Not a word, not a gesture of vengeance or of hate, escaped, however, from the populace. Her deportment had been so dignified, her courage so great, her piety so perfect, that those who were once her bitterest enemies looked on her through their tears. Her charities had been unremitting and extensive; and those whom she had aided in their necessities had thronged, through a morbid and mingled feeling of gratitude and awe, to see her die.[313]
Her head fell—her body was burned—and her ashes were scattered to the wind.

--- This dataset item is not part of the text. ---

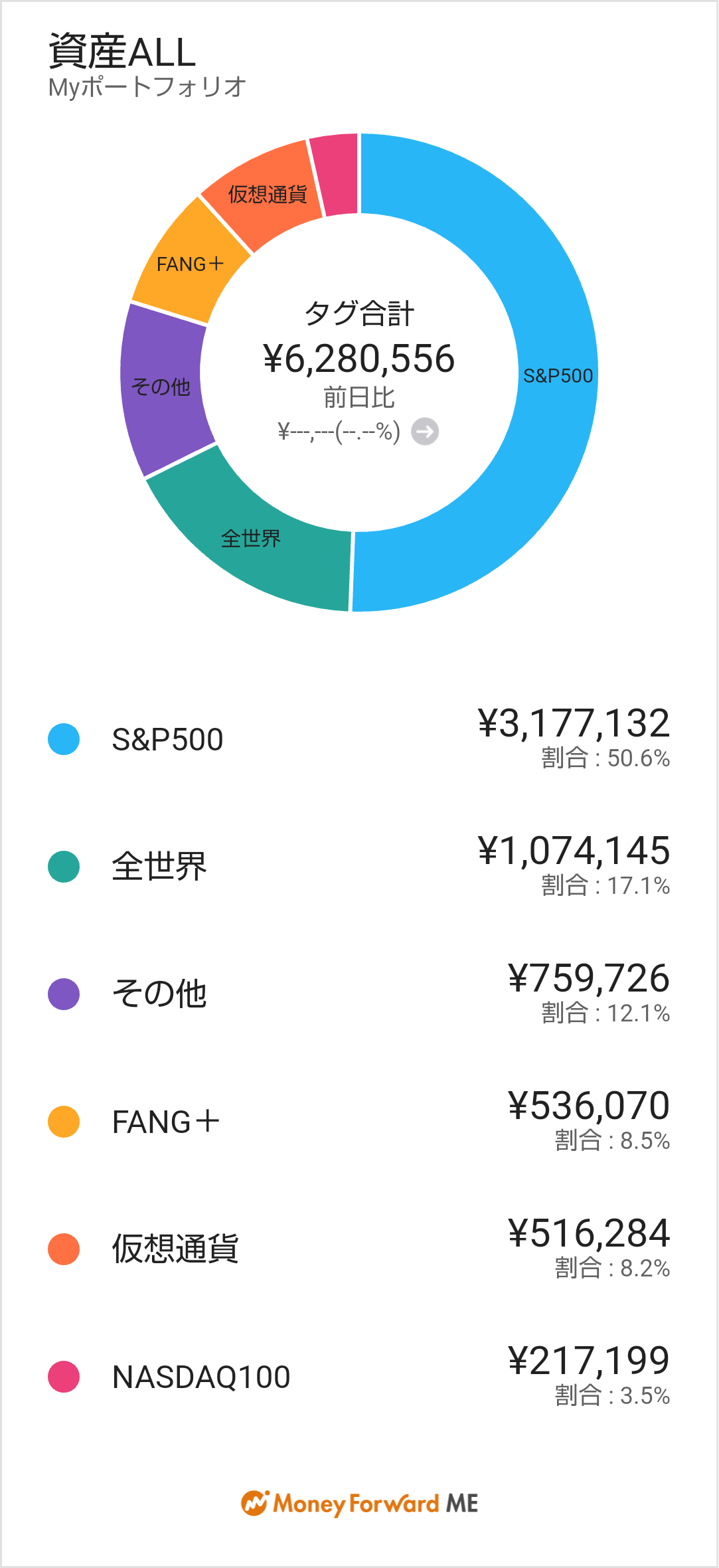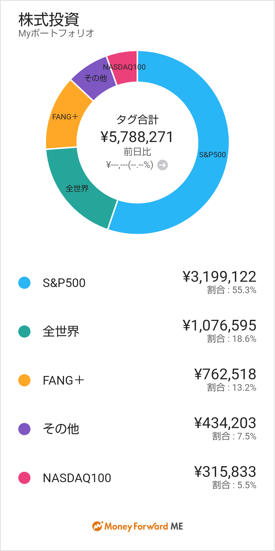 今週はNVIDIAの決算とか色々あったようで…仮想通貨は週間の推移が激しすぎて逆に分かりにくいので、投資信託のみを記録します。資産推移はこちら↓ 【投資信託】 資産額:5,788,271円(評価損益:+1,589,975円、損益率:37.9%) 入金額:19,638円、評価損益:+57,791円(前週比) S&P500 3,199,122円(+50,379円) 全世界株式 1,076,595円(+5,928円) FANG+ 762,518円(+21,247円) NASDAQ100 315,833円(+4,100円) その他 434,203円(▲4,225円)今週は確定拠出年金の入金もありつつ、全体的にアメリカ株は好調。その他(新興国、日経)がマイナスでした。まぁ金曜日深夜のアメリカ株が全体的に1%以上マイナスだったりするので上がったり下がったりですね。自分は資産形成期なので、株価が下がってくれる方がありがたいんですが。

De Luynes had, as we have stated, constituted himself her heir; but it was not without difficulty that he succeeded in appropriating the principal portion of the coveted wealth of his victims. Du Vair, with a firmness for which the favourite was not prepared, refused for a considerable time to countersign the letters of consignment which had been granted by the King to that effect; declaring that as the property of Concini and his family had been confiscated to the Crown, it could not be otherwise disposed of. This difficulty was, however, surmounted after the fashion of the period, and the signature of the scrupulous minister was purchased by the rich bishopric of Lisieux; after which De Luynes himself negatived the destruction of the magnificent hotel of the Marechal, to which he transferred his own establishment, and then proceeded to enforce his claims upon the funded property in Rome. This pretension was, however, opposed by the Pope, who declared that all monies confiscated within the Roman states must necessarily revert to himself; and Louis XIII, after having in vain endeavoured to induce the Sovereign-Pontiff to rescind this declaration, found himself ultimately compelled to make a donation of the five hundred thousand francs claimed by his favourite to the cathedral of St. Peter’s.